Instructions for the task
Leave out the pictures, then output the lines of the records below from the first through the one containing "Mit dem Gewinnspiel".

'''

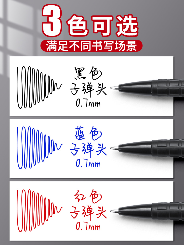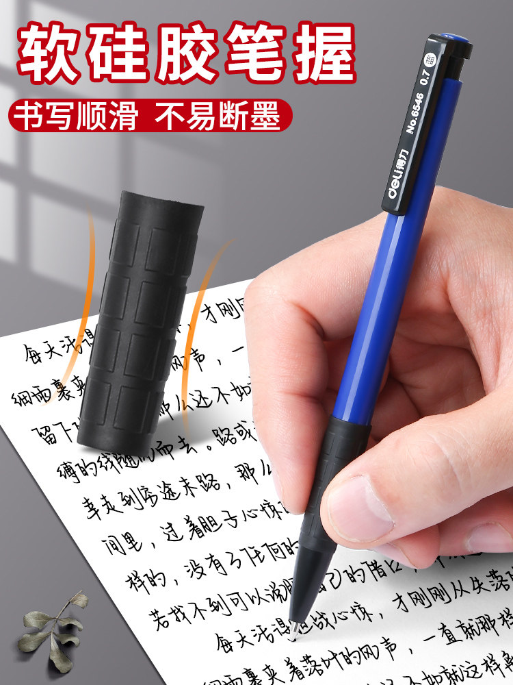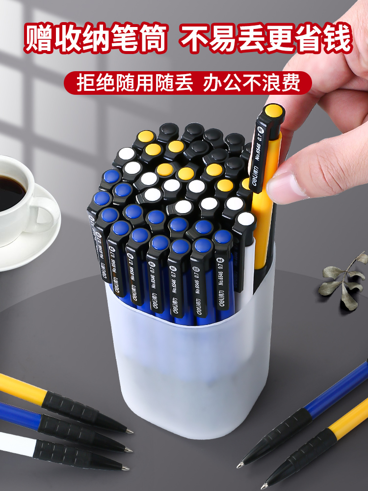 📚 得力圆珠笔按压式小学生专用正品批发蓝色红色黑色彩色油性油笔老式原子笔中性笔0.7教师红笔批改多色圆珠笔
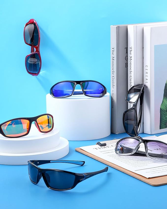 Frienda 6 Pack Polarized Sport Sunglasses for Men Multipack Fit over Glasses Pack Lot Set Men's Sport Fishing Eyeglasses
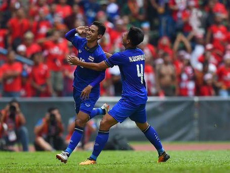Gol di menit ke-10 itu mengembangkan senyum para pendukung Thailand yang datang langsung ke Kuala Lumpur. (Foto: Manan Vatsyayana/AFP)
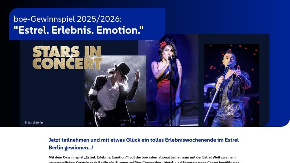 Mit dem Gewinnspiel „Estrel. Erlebnis. Emotion.“ lädt die boe international gemeinsam mit der Estrel Welt zu einem unvergesslichen Kurztrip nach Berlin ein. Europas größtes Convention-, Hotel- und Entertainment-Center begrüßt eine Gewinnerin / einen Gewinner mit Begleitung zu zwei erlebnisreichen Tagen voller Highlights.
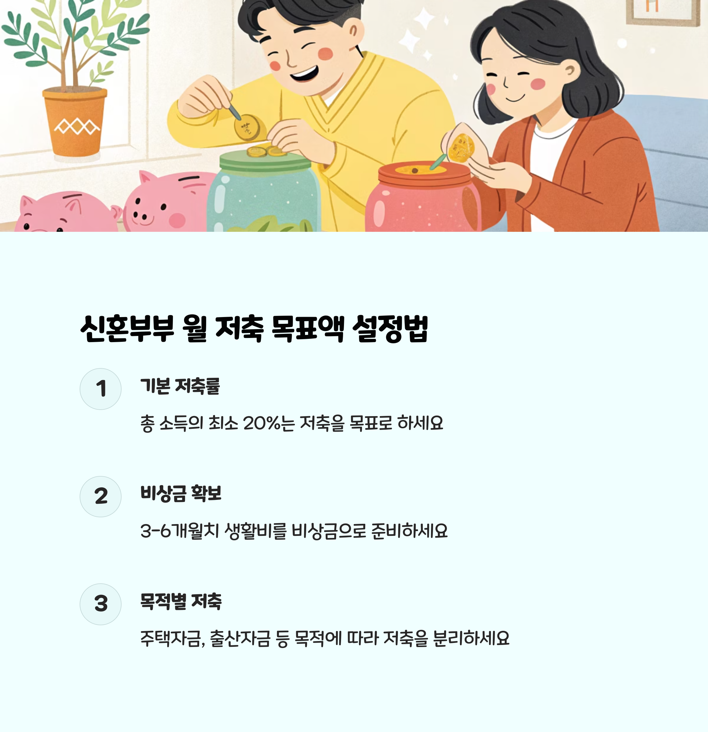- 목표는 구체적으로 : “여행 자금 300만 원 모으기”처럼 구체적인 목표를 세우면 동기부여가 커집니다.
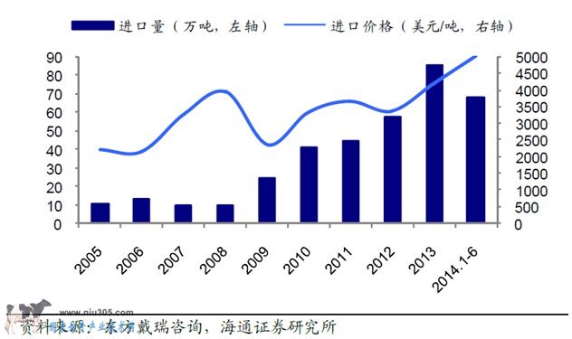 ? ? 巨大的懸殊差距,業內將矛頭齊聲指向罪魁禍首——層層加碼的經銷商。因為刨除增值稅、關稅、運費成本外,剩下的錢合理解釋就是經銷商拿去了。然而,海關數據顯示,2014年1-6月,我國進口奶粉68.12萬噸,同比增加75.08%,進口平均價格為5,041美元/噸,同比上漲46%。
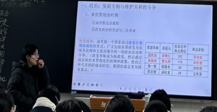 复习公开课是聚焦备考重点、优化复习策略的关键平台。2025年12月5日,唐维维老师围绕“北洋军阀统治时期的政治、经济与文化”开展高三历史一轮复习公开课,高2026届全体历史教师参与听课。本课以专题为线索,系统梳理阶段特征,注重知识关联与能力渗透,为提升一轮复习实效提供了有益借鉴。
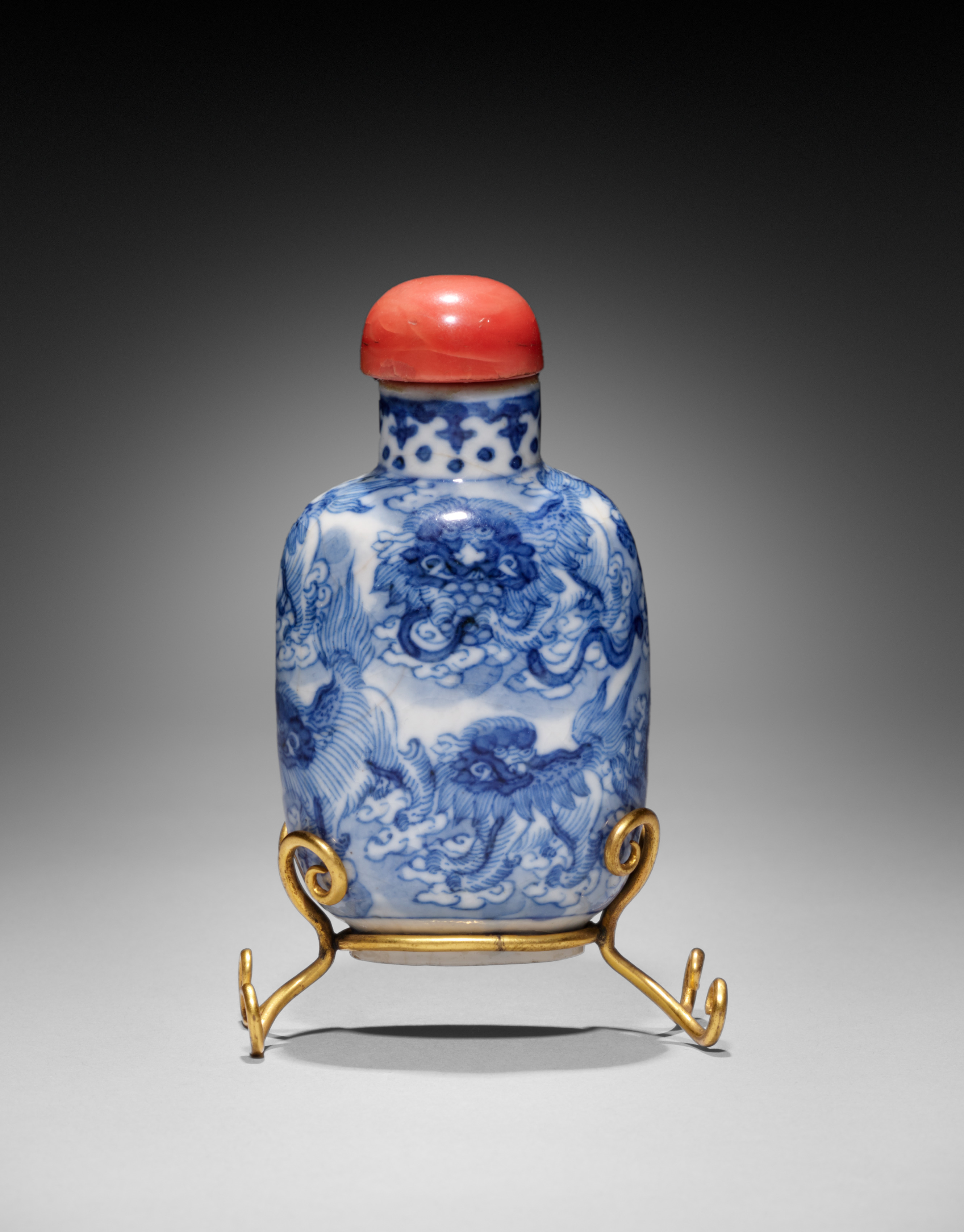Flattened ovoid snuff bottle with stopper; blue and white; gold stand. The snuff bottle has a rounded, flattened ovoid body. The body is white with blue underglaze decoration. The blue decoration depicts scenes with dragons. The bottle has a short cylindrical neck. The base of the neck is decorated with a band of blue underglaze. The stopper is red. The snuff bottle sits on a gold-colored metal stand with four legs. The background is dark at the top and light at the bottom.
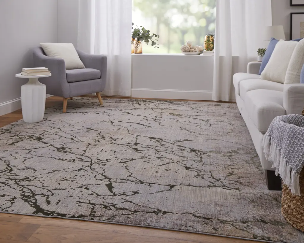 Pryor Modern Abstract - Taupe/green/tan Area Rug - 6'7" X 9'6" Rectangle
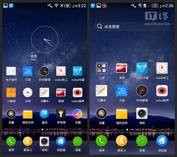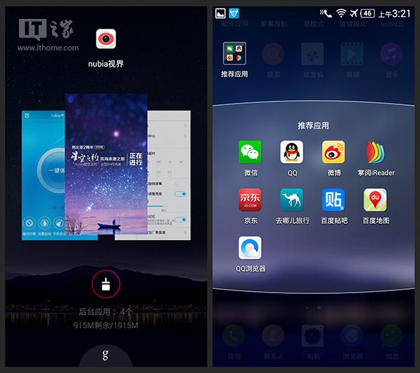 ▲nubia UI 2.5的后台切换功能,以及带弹力动画效果的文件夹打开方式。
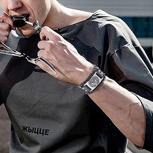 • TURTLEDOVE DESIGN - The size of this Viking bracelet is 11.5*1.6 inch. This medieval leather bracelet is a perfect combination of metalwork and leather rope chain of a Celtic knot design. The metalwork is engraved Nordic amulet, which is Gothic jewelry style.
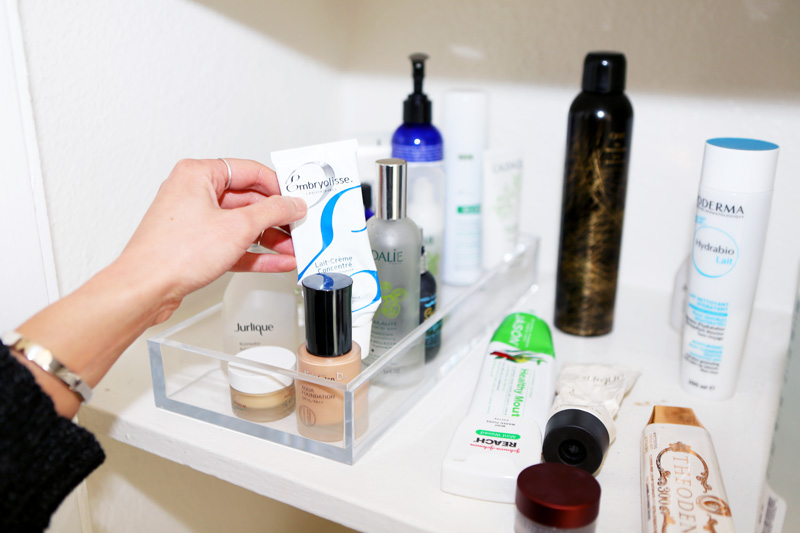 I've found that a lot of the oils that are good for the ends of your hair are really good as facial oils, as well. But I already have slightly shiny skin, so I’d rather just not put oil on during the day. My favorite moisturizer is Embryolisse—it’s a really good texture for day, it’s not super heavy, and it blends in really easily, and works almost like a primer. At first, it was hard to find in LA, but now I just order it on Amazon. They have all of the French pharmacy products on Amazon, it’s amazing.
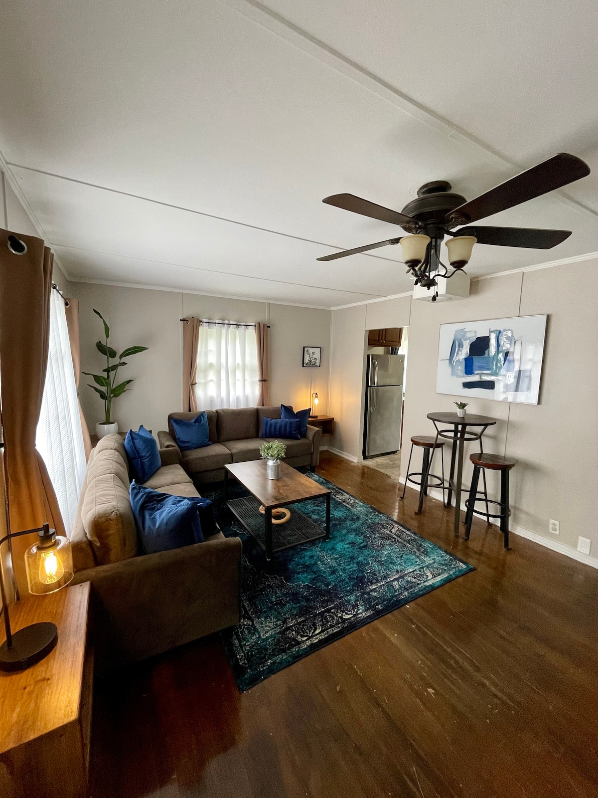 100% cotton bedding, sleeping up to 4 adults. Tankless hot water, 55" Smart TV, laundry, & full kitchen.

'''

Answer box
 📚 得力圆珠笔按压式小学生专用正品批发蓝色红色黑色彩色油性油笔老式原子笔中性笔0.7教师红笔批改多色圆珠笔
 Frienda 6 Pack Polarized Sport Sunglasses for Men Multipack Fit over Glasses Pack Lot Set Men's Sport Fishing Eyeglasses
Gol di menit ke-10 itu mengembangkan senyum para pendukung Thailand yang datang langsung ke Kuala Lumpur. (Foto: Manan Vatsyayana/AFP)
 Mit dem Gewinnspiel „Estrel. Erlebnis. Emotion.“ lädt die boe international gemeinsam mit der Estrel Welt zu einem unvergesslichen Kurztrip nach Berlin ein. Europas größtes Convention-, Hotel- und Entertainment-Center begrüßt eine Gewinnerin / einen Gewinner mit Begleitung zu zwei erlebnisreichen Tagen voller Highlights.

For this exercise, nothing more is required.